Dropping every picture, set down exactly the lines in the entries below, starting with the line with "Cheesy Beef Taco Skillet Recipe with" and going on through the line with "2月10日,新春游行的隊伍行".

=== Data for review ===

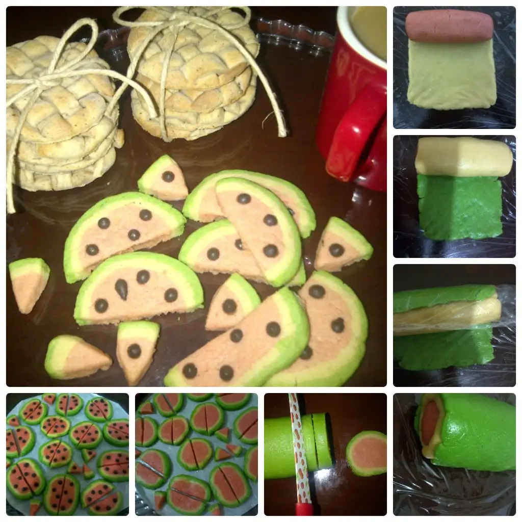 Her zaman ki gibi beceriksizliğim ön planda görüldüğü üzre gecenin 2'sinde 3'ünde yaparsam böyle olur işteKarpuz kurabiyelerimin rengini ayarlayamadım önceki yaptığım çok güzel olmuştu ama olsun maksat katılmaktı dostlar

===
=== Data for review ===

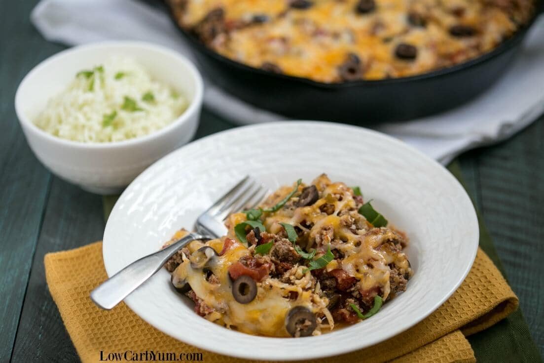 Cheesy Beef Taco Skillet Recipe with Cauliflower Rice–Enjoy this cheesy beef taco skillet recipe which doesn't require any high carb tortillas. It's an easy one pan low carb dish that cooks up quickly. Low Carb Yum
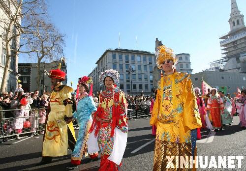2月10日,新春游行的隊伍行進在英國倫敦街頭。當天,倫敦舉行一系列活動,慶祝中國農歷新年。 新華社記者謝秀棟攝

===
=== Data for review ===

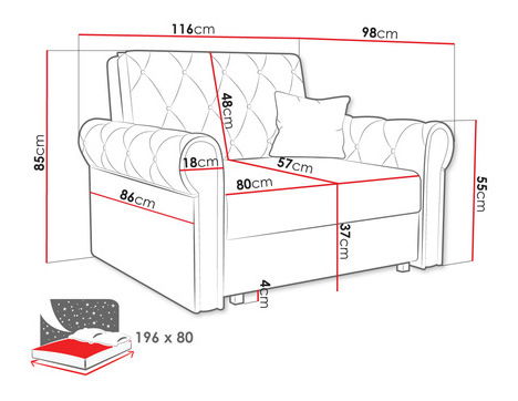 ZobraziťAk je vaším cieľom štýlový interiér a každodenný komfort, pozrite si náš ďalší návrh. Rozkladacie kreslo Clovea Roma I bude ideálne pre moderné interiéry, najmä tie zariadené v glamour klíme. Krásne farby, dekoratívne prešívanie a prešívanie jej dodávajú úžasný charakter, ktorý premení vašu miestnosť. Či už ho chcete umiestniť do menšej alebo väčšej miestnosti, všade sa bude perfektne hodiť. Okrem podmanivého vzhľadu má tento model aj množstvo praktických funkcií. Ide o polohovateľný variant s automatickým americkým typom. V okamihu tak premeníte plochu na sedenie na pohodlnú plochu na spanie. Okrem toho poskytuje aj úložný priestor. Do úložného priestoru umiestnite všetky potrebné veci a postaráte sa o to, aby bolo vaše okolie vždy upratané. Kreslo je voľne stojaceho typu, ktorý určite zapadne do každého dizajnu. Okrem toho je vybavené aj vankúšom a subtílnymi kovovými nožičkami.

===

## The completed task:
 Cheesy Beef Taco Skillet Recipe with Cauliflower Rice–Enjoy this cheesy beef taco skillet recipe which doesn't require any high carb tortillas. It's an easy one pan low carb dish that cooks up quickly. Low Carb Yum
2月10日,新春游行的隊伍行進在英國倫敦街頭。當天,倫敦舉行一系列活動,慶祝中國農歷新年。 新華社記者謝秀棟攝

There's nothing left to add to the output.